I don't think we want leading, trailing, and multiple spaces included when tokenizing, do we?

It's easily handled with a call to StringArray::removeEmptyStrings(true) when tokenizing whitespace, but not as easily remedied when tokenizing with other break characters.

OvermindDL1
Offline
Last seen: 7 years 1 month ago
Joined: 3 Jun 2005 - 11:58

I'd say just use spirit to parse it, would be worlds easier.

Actually, spirit is probobly overkill, boost:tokanizer is made for *exactly* that kind of thing though, and its been through its paces years ago so there are no known bugs. And it would let you parse tokens based on whitespace or any other seperator.
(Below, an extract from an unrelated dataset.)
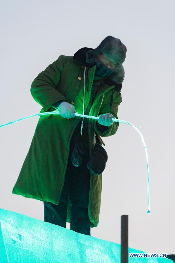 A worker installs light decorations at the Harbin Ice-Snow World, a renowned seasonal theme park opening every winter, in Harbin, northeast China's Heilongjiang Province, Dec. 14, 2020. (Xinhua/Xie Jianfei)

Would work quite well inside addTokens() in the StringArray class.

jules
Online
Last seen: 10 min 6 sec ago
Joined: 29 Apr 2013 - 18:37
Re: StringArray::addTokens() bug!

Randy wrote:
Look at these examples:

StringArray tokens;

tokens.addTokens(T("two words"), false);
// tokens.size() is 2 (correct!)

tokens.clear();
tokens.addTokens(T("five words with trailing space "), false);
// tokens.size() is 6 (incorrect!)

tokens.clear();
tokens.addTokens(T("six words with two trailing spaces  "), false);
// tokens.size() is 8 (incorrect!)

tokens.clear();
tokens.addTokens(T(" five words with leading space"), false);
// tokens.size() is 6 (incorrect!)

tokens.clear();
tokens.addTokens(T("seven words with three   spaces in middle"), false);
// tokens.size() is 9 (incorrect!)

I don't think we want leading, trailing, and multiple spaces included when tokenizing, do we?

It's easily handled with a call to StringArray::removeEmptyStrings(true) when tokenizing whitespace, but not as easily remedied when tokenizing with other break characters.

that's usually true for whitespace, but if I was tokenising with other separators, e.g.

"a,b,,c,,"

then I'd be quite annoyed if it didn't return 6 items, three of them empty.. And of course removeEmptyStrings would clean this up too, if you just want the non-empty tokens.

Randy
Offline
Last seen: 7 years 10 months ago
Joined: 21 Jun 2005 - 21:28
Re: StringArray::addTokens() bug!

jules wrote:
that's usually true for whitespace, but if I was tokenising with other separators, e.g.

"a,b,,c,,"

then I'd be quite annoyed if it didn't return 6 items, three of them empty.. And of course removeEmptyStrings would clean this up too, if you just want the non-empty tokens.

A very good point I'd completely overlooked as I'm only dealing with whitespace! I've just thrown in a bunch of removeEmptyStrings() calls into my parsing routines to clean it up.